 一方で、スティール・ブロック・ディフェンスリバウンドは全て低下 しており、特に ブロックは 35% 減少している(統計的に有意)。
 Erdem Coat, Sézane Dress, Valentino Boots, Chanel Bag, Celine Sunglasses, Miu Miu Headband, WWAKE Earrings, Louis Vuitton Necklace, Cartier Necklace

━━━━━━━━━━━━━━━━━━━━━━━━━━━━━━

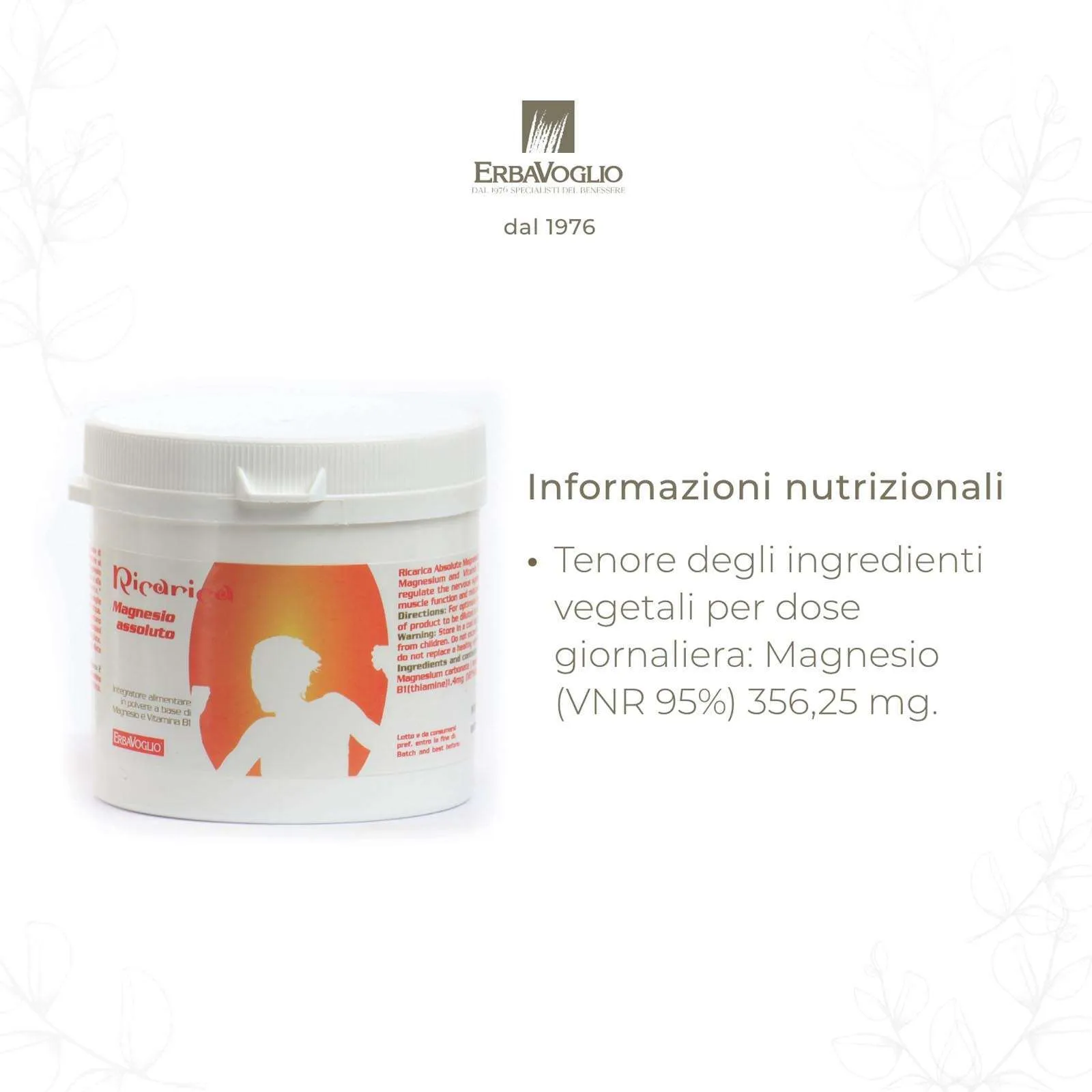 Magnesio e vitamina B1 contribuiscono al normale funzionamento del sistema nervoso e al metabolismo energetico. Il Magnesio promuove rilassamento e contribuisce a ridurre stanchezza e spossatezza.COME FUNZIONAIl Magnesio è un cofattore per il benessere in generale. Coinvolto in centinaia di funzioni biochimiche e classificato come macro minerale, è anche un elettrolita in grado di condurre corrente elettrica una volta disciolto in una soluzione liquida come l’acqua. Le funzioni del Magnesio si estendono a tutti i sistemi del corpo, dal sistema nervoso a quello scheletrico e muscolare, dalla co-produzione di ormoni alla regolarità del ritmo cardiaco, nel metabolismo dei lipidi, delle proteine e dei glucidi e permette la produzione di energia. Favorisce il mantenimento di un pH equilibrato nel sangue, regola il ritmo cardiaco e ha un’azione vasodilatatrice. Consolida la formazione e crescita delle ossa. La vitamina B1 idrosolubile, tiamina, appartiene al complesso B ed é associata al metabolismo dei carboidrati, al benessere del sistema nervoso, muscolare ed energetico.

━━━━━━━━━━━━━━━━━━━━━━━━━━━━━━

Task statement: Look back at the entries above and repeat, unchanged, every line from the line holding "一方で、スティール・ブロック・ディフェンスリバウンドは全て低下 しており、特に ブロックは" through the line holding "Erdem Coat, Sézane".

Your solution:
 一方で、スティール・ブロック・ディフェンスリバウンドは全て低下 しており、特に ブロックは 35% 減少している(統計的に有意)。
 Erdem Coat, Sézane Dress, Valentino Boots, Chanel Bag, Celine Sunglasses, Miu Miu Headband, WWAKE Earrings, Louis Vuitton Necklace, Cartier Necklace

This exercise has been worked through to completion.